I remember a time when you bought ATI instead of NVIDIA, much the same way you still buy AMD instead of Intel. As we all know, AMD bought ATI, further confirming the implicit relationship between the two that already existed anyway. Now, though, the relationship comes to an end, since AMD has confirmed the ATI brand will be phased out.
ATI’s history goes way back to 1985, when it was founded as Array Technologies Incorporated in Ontario, Canada. Over the years, the company has developed graphics chipset solutions for all manner of markets, including more obscure products like Imageon, a line of graphics chips for mobile devices like PDAs and phones. ATI also supplies the graphics processors for most of the console gaming market (Wii and Xbox 360, and previously the GameCube, which is a Wii without fancy controllers).

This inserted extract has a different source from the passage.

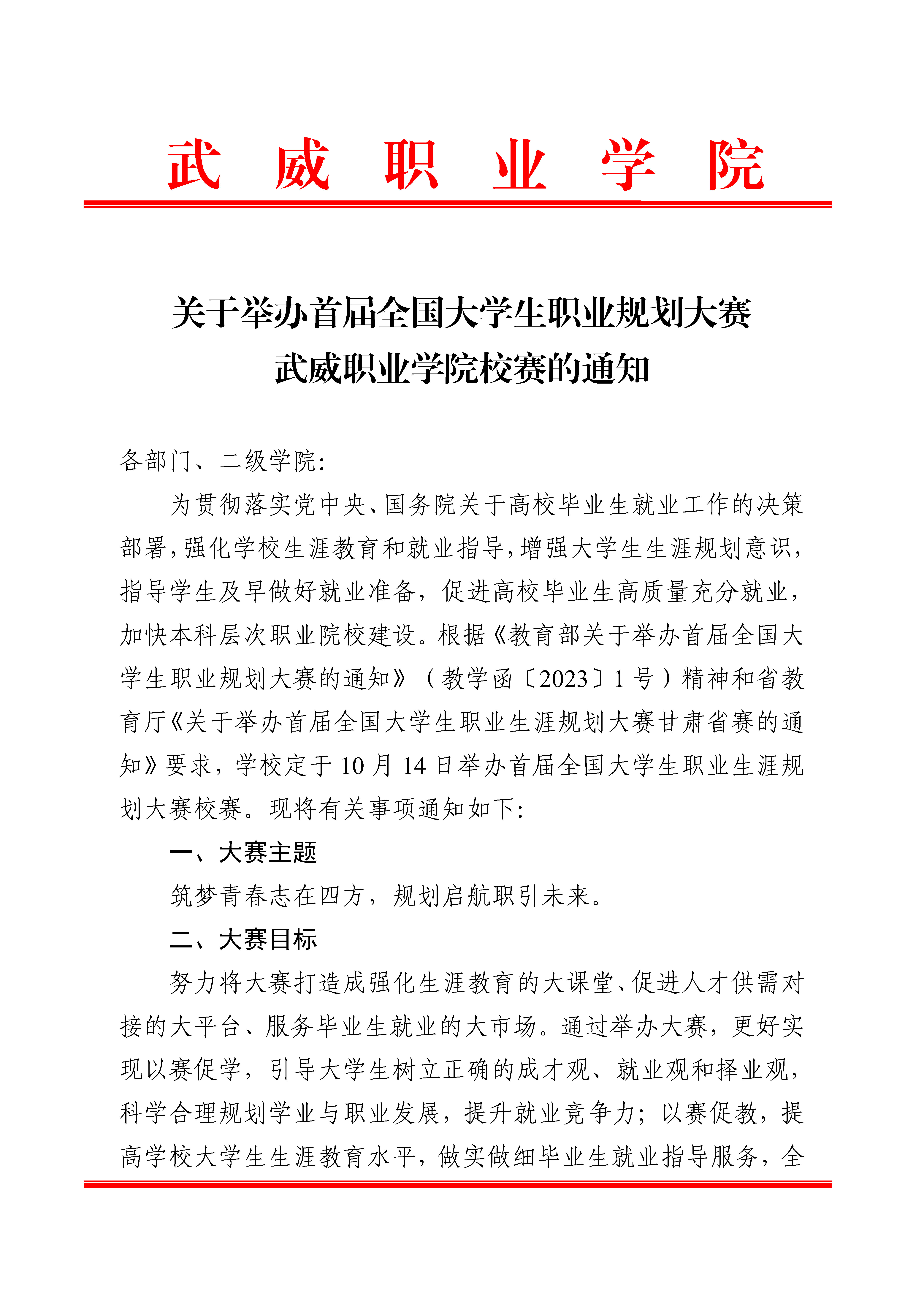 關于舉辦首屆全國大學生職業(yè)規(guī)劃大賽 武威職業(yè)學院校賽的通知

Well, AMD feels it’s time to end the ATI brand. Usually, these brand shake-ups come across as rather arbitrary, but not this time around – AMD is readying the launch of its Fusion processors, which combine regular processing cores with graphics chips on the same die. In light of this it would only be confusing to carry both brands at the same time.
As a result, brands like “ATI Radeon” and “ATI FirePro” will be renamed to exclude the ATI bit, and branding stickers and such will get a nice added AMD logo. In order to not get into the awkward situation where PCs with Intel processors and Radeon graphics processors carry AMD branding, the company will also supply OEMs with AMD-less “Radeon” marketing material.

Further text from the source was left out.